There is another tree related quote by Abraham Lincoln I like to share: “Give me six hours to chop down a tree and I will spend the first four sharpening the axe.” To translate this into product development, spend double the time preparing to create your product as you do actually creating it. What does this mean? If you take the time upfront for prep work including finding and securing a domain name, setting up a landing page or webpage, gathering a list of possible customers, getting a PayPal account, desiging the packaging or cover and then getting the cover as a 3D image for marketing purposes, you will have everything in place once your product is complete. You can even do a lot of these things simultaneously. Hire someone to design your cover for example and while they work on that for a few days, work on your product. Developing the actual content is likely going to be easier for you than putting all of the other pieces in place since your product is based on your existing knowledge and all of this other stuff is new.
Once your product is complete, decide what you want to do with it. Let’s go back to your objectves. Is this meant to fill a gap in your resume? If so, start crafting a name for this temporary “job” and a description showing off your talents and update your resume. If you hope to make some money, put on your marketing hat and start doing market research in ernest.
Now the time has come to create your product. If you did your prep work and already have a simple webpage set up, and you have your image files, and you have been working on a contact list, you can get started right away. There are so many options for each of these steps that I can’t cover them all here but will try to address them in a future post but if you really want to get going, check out GoDaddy’s website builder. If you get your domain name through GoDaddy, you can get a website for free for 30 days. I have created many websites using many of the free and paid providers and GoDaddy is one of the easiest. You don’t need a credit card to try it out (and it’s fully functioning for the 30 day trial period) so you really have nothing to lose.

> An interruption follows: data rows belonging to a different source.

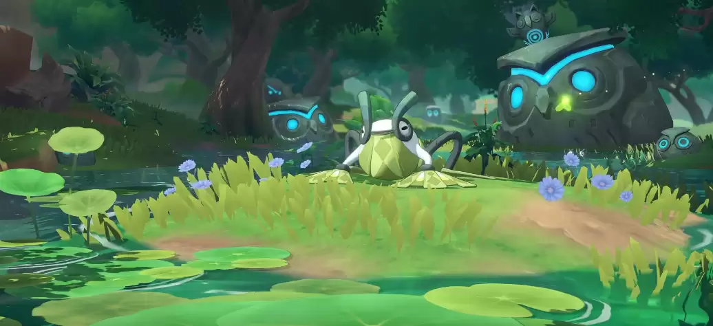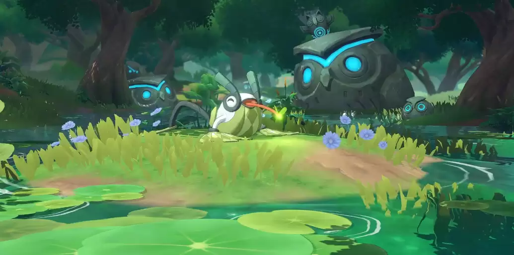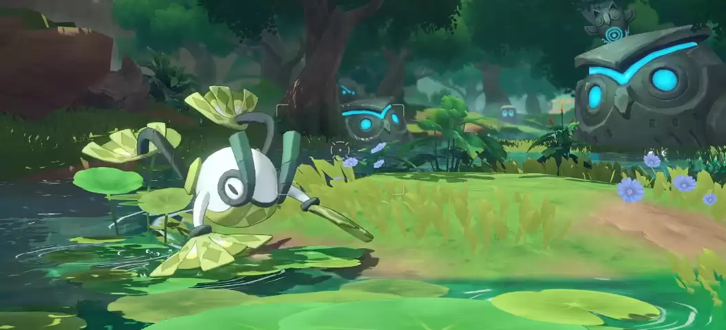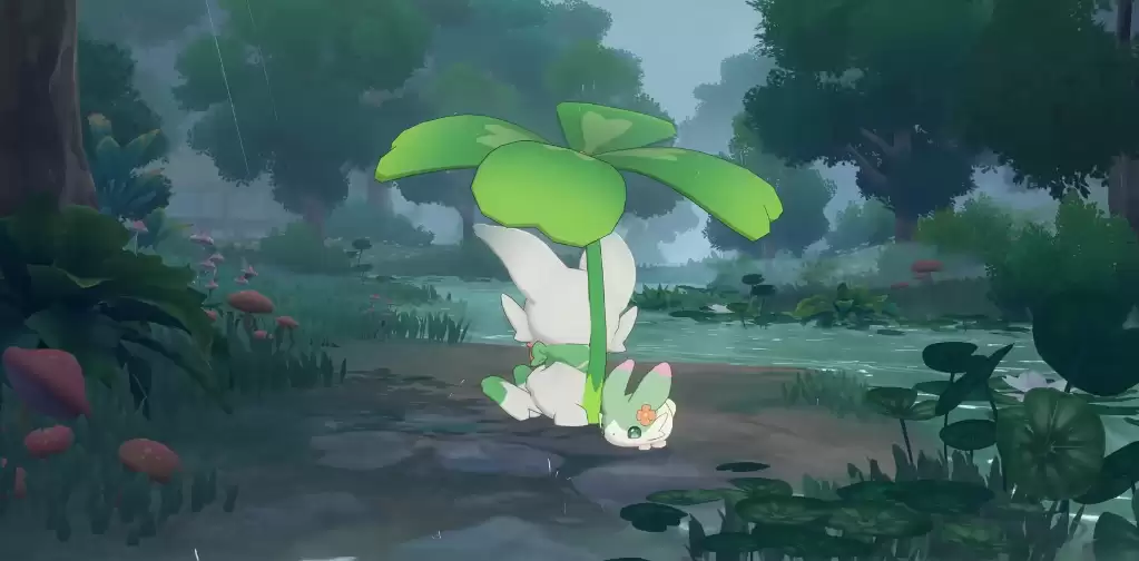 上岸蛙是游戏中全新设计的精灵类型,其外形整体参考了绿色荷叶的纹理,四肢则为白色。设计上的巧思在于,将青蛙的四只脚蹼都塑造成了荷叶的形状,巧妙地把精灵的形态与其偏好的生态环境结合了起来。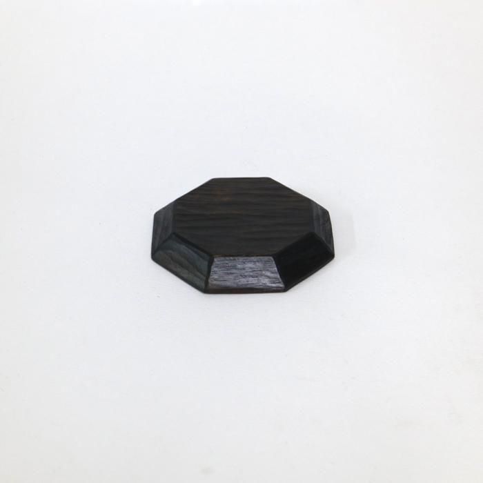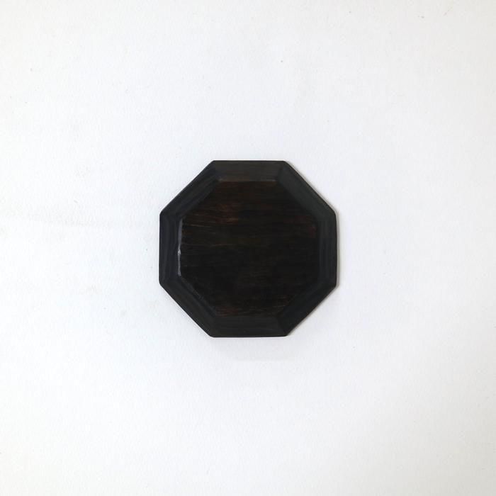 島根県太田市の自然に囲まれた工房で様々な木の塊を鑿、鉋、彫刻等で削りだしていく「刳りもの」と呼ばれる技法で製作されていますフレル/山田哲也さんの木目が美しい温かい雰囲気のまめ皿サイズの赤黒漆八角皿/胡桃です。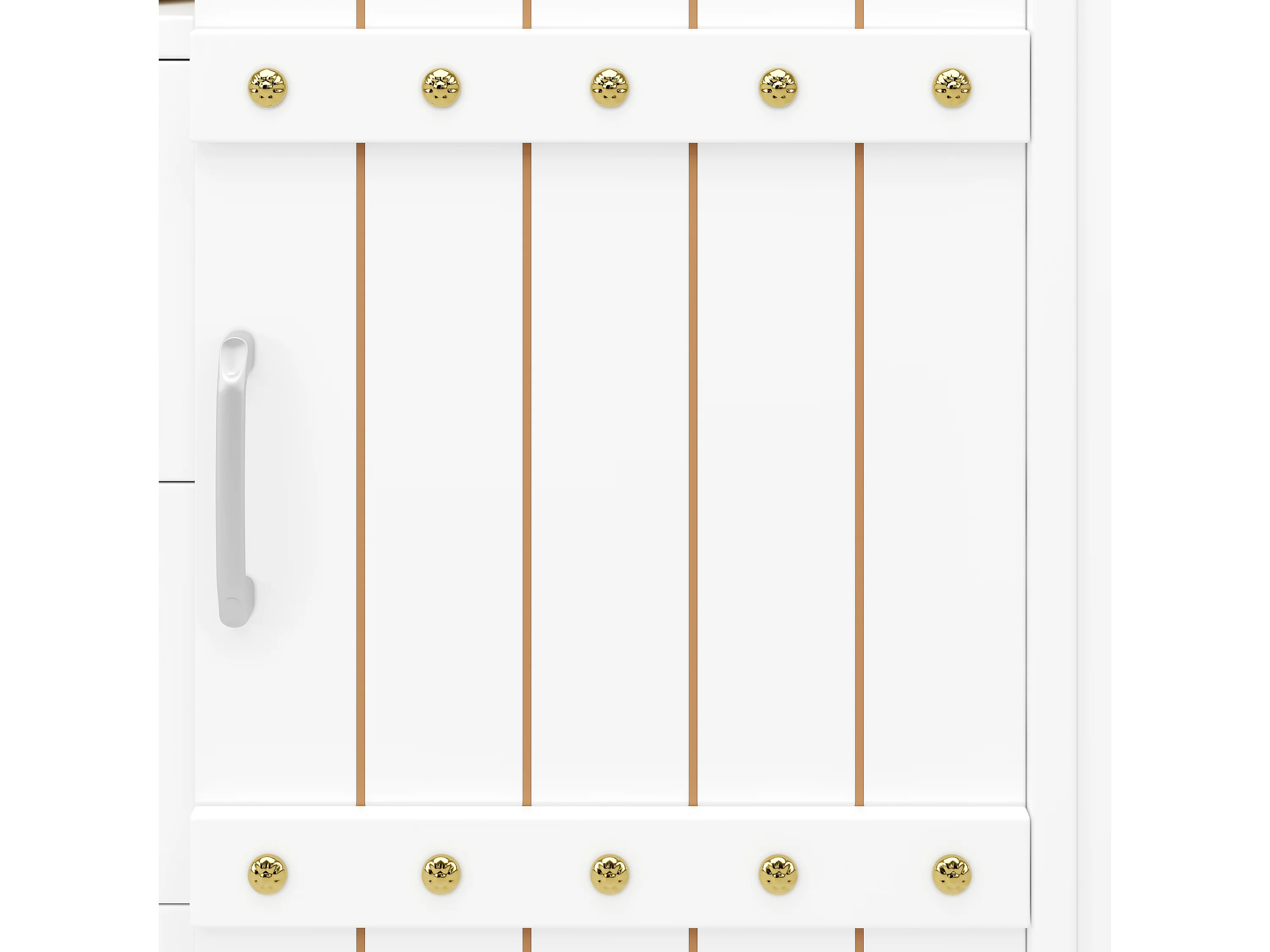 Mobilny wózek kuchenny - Biała wyspa kuchenna z przesuwanymi drzwiami i kółkami - składany blat - 3 szuflady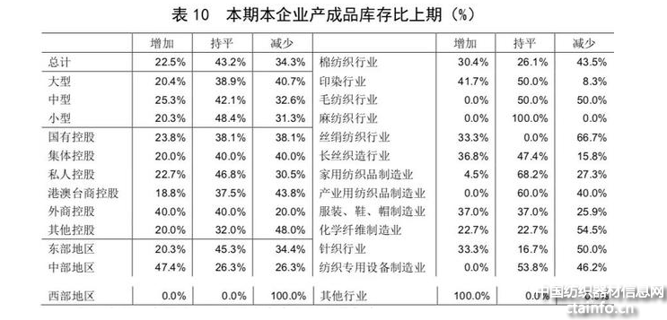 从分行业来看,丝绸、化纤、针织和毛纺企业产成品去库存略多,产成品库存下降的企业占比超过50%。

The idea behind this post was to encourage you to take what you know, turn it into a product and then use it to fill a gap in your resume. Of course there are ways to make money from products but no one will ever know if you never made a sale. But, you will have something to show for your time out of work and that will show that you kept your skills sharp and stayed in the game. Creating a product as a temporary job will give you something to show on your resume during gap periods plus has the added benefit of providing future employers a way to check out your work too. Of course the best time to work on your products is before you need to benefit from them but the option is yours. Plant your seeds before you need shade, and that gap won’t matter at all.